## YOUR ASSIGNMENT
In the material below, find the line with "Statement Regarding the Muslim Pro App" and the line with "Kit 3 Blusas", then output both and every line between them exactly, omitting pictures.
START ENTRIES SUPPLIED
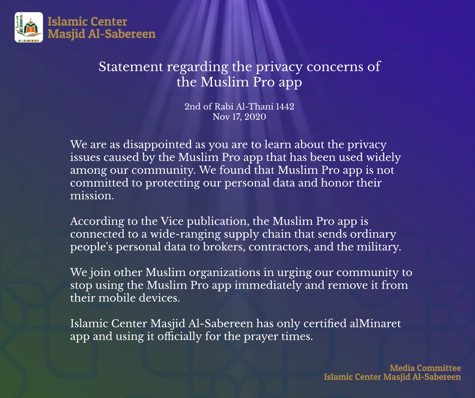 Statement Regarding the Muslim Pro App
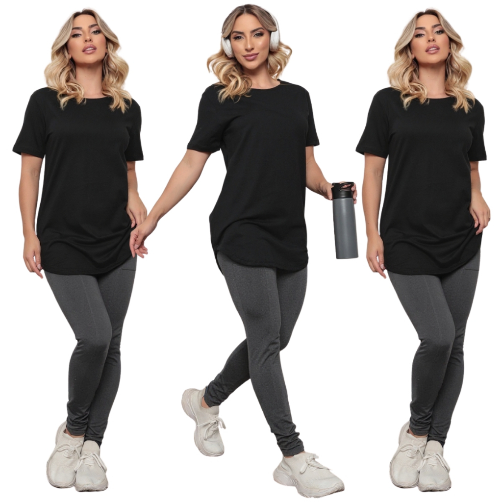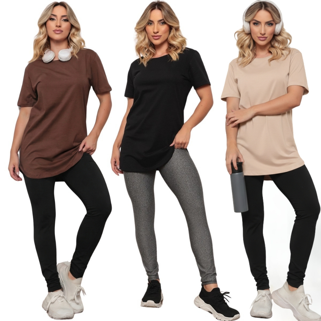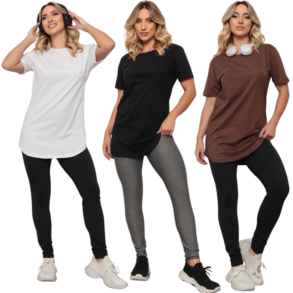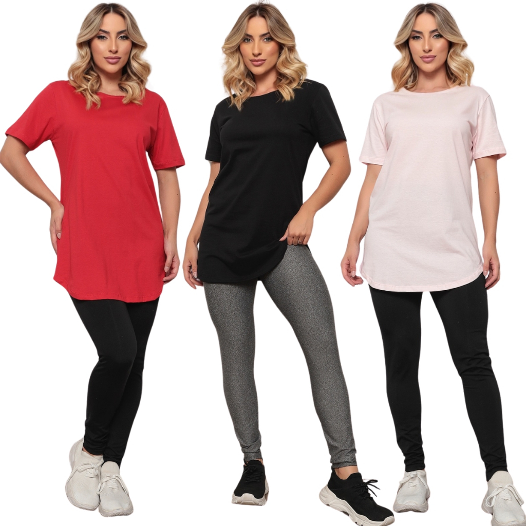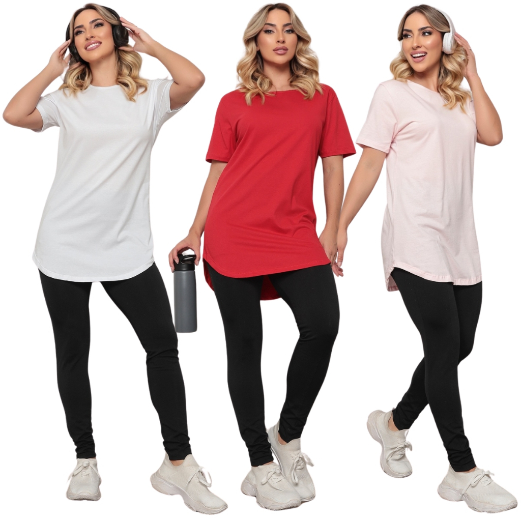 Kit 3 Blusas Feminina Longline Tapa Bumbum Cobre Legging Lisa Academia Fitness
END ENTRIES SUPPLIED
START ENTRIES SUPPLIED
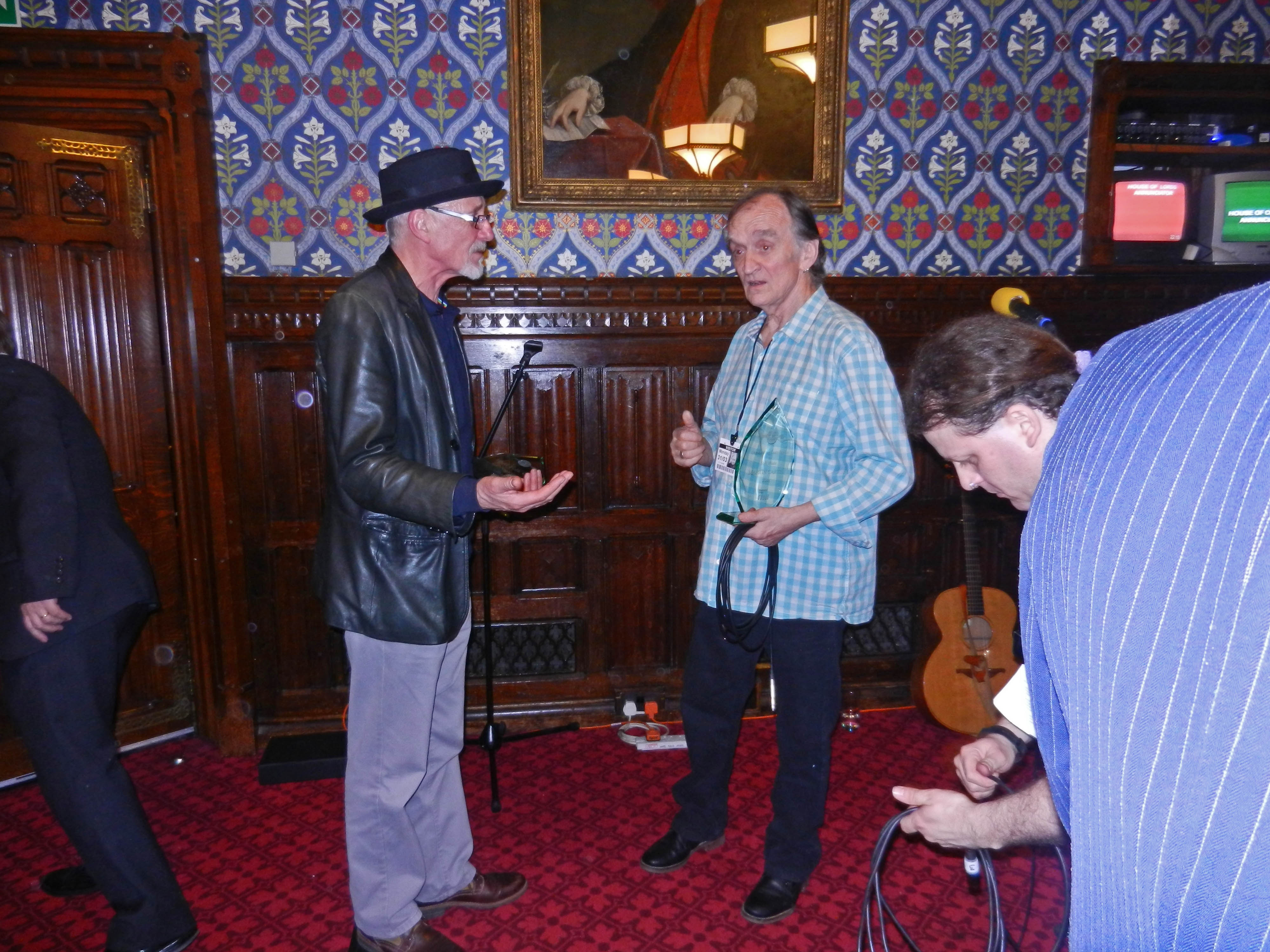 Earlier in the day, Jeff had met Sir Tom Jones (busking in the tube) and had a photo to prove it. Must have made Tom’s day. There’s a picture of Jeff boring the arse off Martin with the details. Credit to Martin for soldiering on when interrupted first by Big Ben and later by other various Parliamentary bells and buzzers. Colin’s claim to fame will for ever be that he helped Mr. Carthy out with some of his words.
END ENTRIES SUPPLIED
## TASK ANSWER
 Statement Regarding the Muslim Pro App
 Kit 3 Blusas Feminina Longline Tapa Bumbum Cobre Legging Lisa Academia Fitness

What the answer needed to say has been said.